From Green Right Now Reports
Everyone knows there is a whole lot of oil floating around in the Gulf of Mexico, but where is it going? According to at least one computer modeling study, the Atlantic Coast and open ocean may be victims of the spill by as early as this summer. The results are captured in a series of animations produced by the National Center for Atmospheric Research and others.
“I’ve had a lot of people ask me, ‘Will the oil reach Florida?’” says NCAR scientist Synte Peacock, who worked on the study. “Actually, our best knowledge says the scope of this environmental disaster is likely to reach far beyond Florida, with impacts that have yet to be understood.”
According to the computer simulations, the Gulf of Mexico’s Loop Current could draw the oil to Florida’s Atlantic Coast within weeks. The Gulf Stream could then carry it as far as about Cape Hatteras, North Carolina, before the spill would turn east.

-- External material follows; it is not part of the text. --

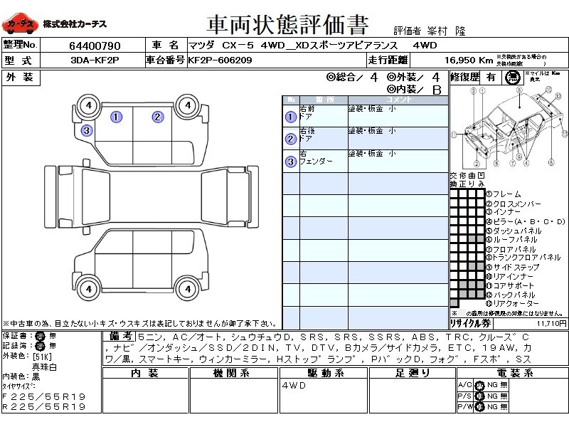 | メーカー・車種 | マツダ CX-5 4WD_XDスポーツアピアランス (型式:3DA-KF2P) | ||||||||||||||||||||||||||||||||||||||||
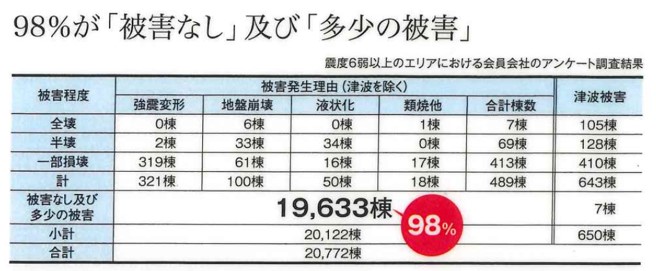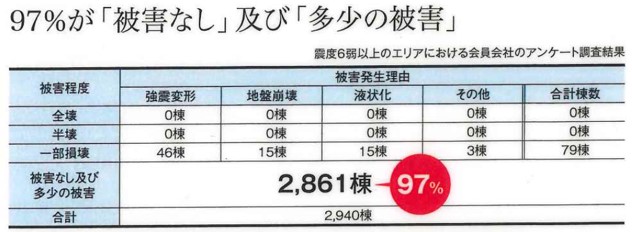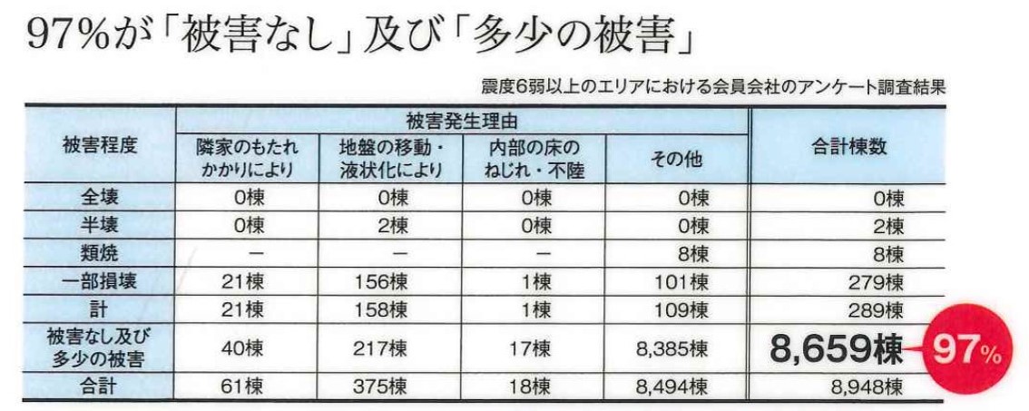 その前震・本震以降も、震度5以上の余震が多発し、建物は強い揺れを何度も受けましたが、ツーバイフォー住宅は「被害なし」「多少の被害」の住宅が97%以上を占めました。

Scientists used a computer model to simulate how a liquid released at the spill site would disperse and circulate, producing results that are not dependent on the total amount released. They tracked the rate of dispersal in the top 65 feet of the water and at four additional depths, with the lowest being just above the sea bed.
Peacock and her colleagues stress that the simulations are not a forecast, but merely possible scenarios. The timing and course of the oil slick will be affected by regional weather conditions and the ever-changing state of the Gulf’s Loop Current—neither of which can be predicted more than a few days in advance.

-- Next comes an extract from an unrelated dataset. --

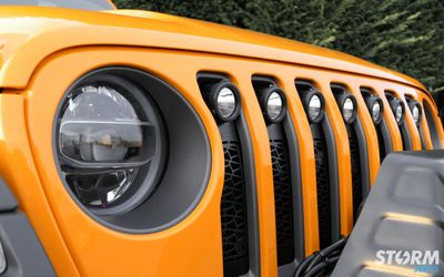 7 x LED Grill lights with industry first design which maintains the JL’s signature factory appearance featuring 7 – 2” Round CREE LED Lights. The Laser Cut Billet Series features a heavy 3/16” blade contoured & cut precisely to extend into the signature Jeep grille openings and offers a unique custom look.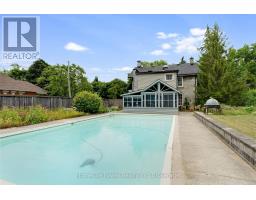 Few homes capture both history and possibility the way 2 Alwington Avenue does. Set on a fully fenced corner lot of ~0.36 acre (15,950 sq ft) in Kingstons most distinguished neighbourhood, this limestone residence is more than a home it is a private estate within the city. A property of this scale is exceptionally rare downtown, offering the space, privacy, and flexibility most can only dream of. Inside, light pours through oversized windows, animating gracious rooms designed for both everyday living and memorable gatherings. Every corner of the house feels designed for connection whether with family, guests, or the outdoors. With five bedrooms plus a study (6th Bedroom Potential) and Five (5) baths across 3 levels, the home easily accommodates a growing family or multigenerational living. Period details, wide-plank floors, abundant storage, and fine wood trim underscore its enduring character. Yet the story extends far beyond the walls. The fully fenced grounds unfold into a true city oasis: swim in the in-ground pool, dine on the stone patio, and let children play safely on the expansive lawn. A detached 700 sq ft garage, positioned at the far end of the lot, provides parking and workshop/studio potential and strengthens the sites flexibility. And with a lot of this size, the future holds exciting possibilities. The frontage and depth suggest potential for additional lots or a thoughtful redevelopment (subject to approvals), adding another layer of value to an already remarkable property. Cherished by one family for over five decades and marked by a heritage plaque (c.1850), this residence offers both stature and opportunity. A rare convergence of land, location, and legacy: moments to hospitals and campus, steps to lakefront trails, and room to grow for decades. If you have been waiting for a Kingston address worthy of being a forever home, this is the one. (id:46441)

The actual path of the oil will depend both on the short-term evolution of the Loop Current, which feeds into the Gulf Stream, and on the state of the overlying atmosphere. The flow in the model represents the best estimate of how ocean currents are likely to respond under typical wind conditions.
Simulations show that a liquid released in the surface ocean at the spill site is likely to slowly spread as it is mixed by the ocean currents until it is caught up in the Loop Current. At that point, speeds pick up to about 40 miles per day, and when the liquid enters the Atlantic’s Gulf Stream it can travel at speeds up to about 100 miles per day, or 3,000 miles per month.
The six model simulations all have different Loop Current characteristics. All bring the oil to south Florida and then up the East Coast, but the timing differs significantly depending on the configuration of the Loop Current.